Fifth, history is to be rewritten or ignored. In one commentary, FDA responsibility for ensuring the efficacy of pharmaceuticals was dismissed because that responsibility was not part of the organization’s original charter. However, this “change” to the responsibilities of the agency took place 55 years ago. Federal agencies change names and missions all the time. The 1906 Pure Food and Drug Act that created what later became known as the FDA out of the Department of Chemistry has had three charges over its lifetime: accurate labeling, safety and efficacy. I hold that these are all related. One cannot have accurate labeling unless one knows that a drug is safe and efficacious. After all, how can there be a listing of dosing information and side effects without knowing what levels of use are safe and unsafe; without knowing what levels are effective. Basing an argument on a change in mission over a 110+ year history seems specious.

Sixth: When in doubt, make a personal attack. After I presented a philosophical argument that autonomy was not the only consideration in making policy and that sometimes the public good can limit or override individual choice, my opponents responded with, “who is the FDA, Klugman, or anyone else to deny these patients their choice?” Again, they show the high regard in which they hold autonomy but they also make a personal attack. Good argumentation would address the issues rather than attacking the individual.
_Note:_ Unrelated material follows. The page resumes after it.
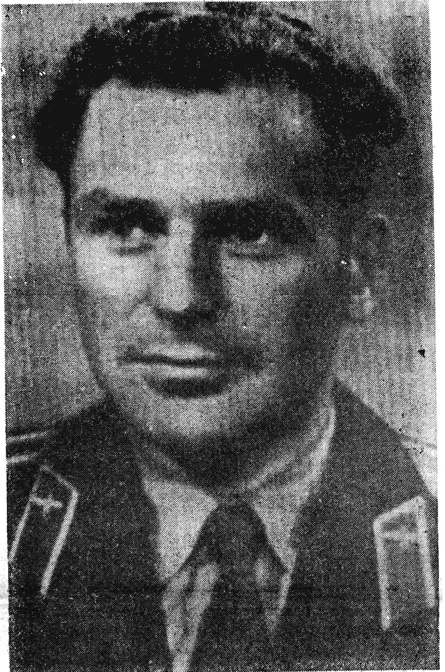
Na zdjęciu: major HERMAN STEPANOWICZ TITOW.

Na stronie 2 zamieszczamy rozmowę Chruszczowa z kosmonautą Titowem przeprowadzoną przez telefon

Seventh: Policy should be based on my pure theory. One problem with right-to-try is that it assumes that every individual has access to a physician, access to medical journals, that no one is ever pressured into treatment or research, and that everyone should only get the care for which they can pay. Thus, when I pointed out that right-to-try violates notions of social justice, the response was that the individual has the right to do whatever he/she wants to her/himself. That would be true if everyone was equal and if everyone had access to care and money to pay for care. Perhaps the scariest thing in this whole debate was that for my opponents, our dialogue appeared not to be a philosophical game but rather that they were out to win: Their theory should be the only basis for policy.

The ideas behind good debate: logical arguments, reason, and good facts are important. These are the rules that allow for a civil discourse on issues upon which people may disagree. It is how as a society we can determine the best course of action among many. The problem is that there are people who believe these guidelines are irrelevant. Winning at all costs is the name of the new game and it does not matter how many pawns are sacrificed. In theory, right-to-try is interesting and could offer some ideas about altering our current system of pharmaceutical regulation. However, a pure market approach to pharmaceutical distribution sacrifices safety, accurate labeling, scientific approaches to treatment, and protecting the public from harm. In their winner-takes-all arena, there must be winners and losers. If right-to-try wins, then we all lose.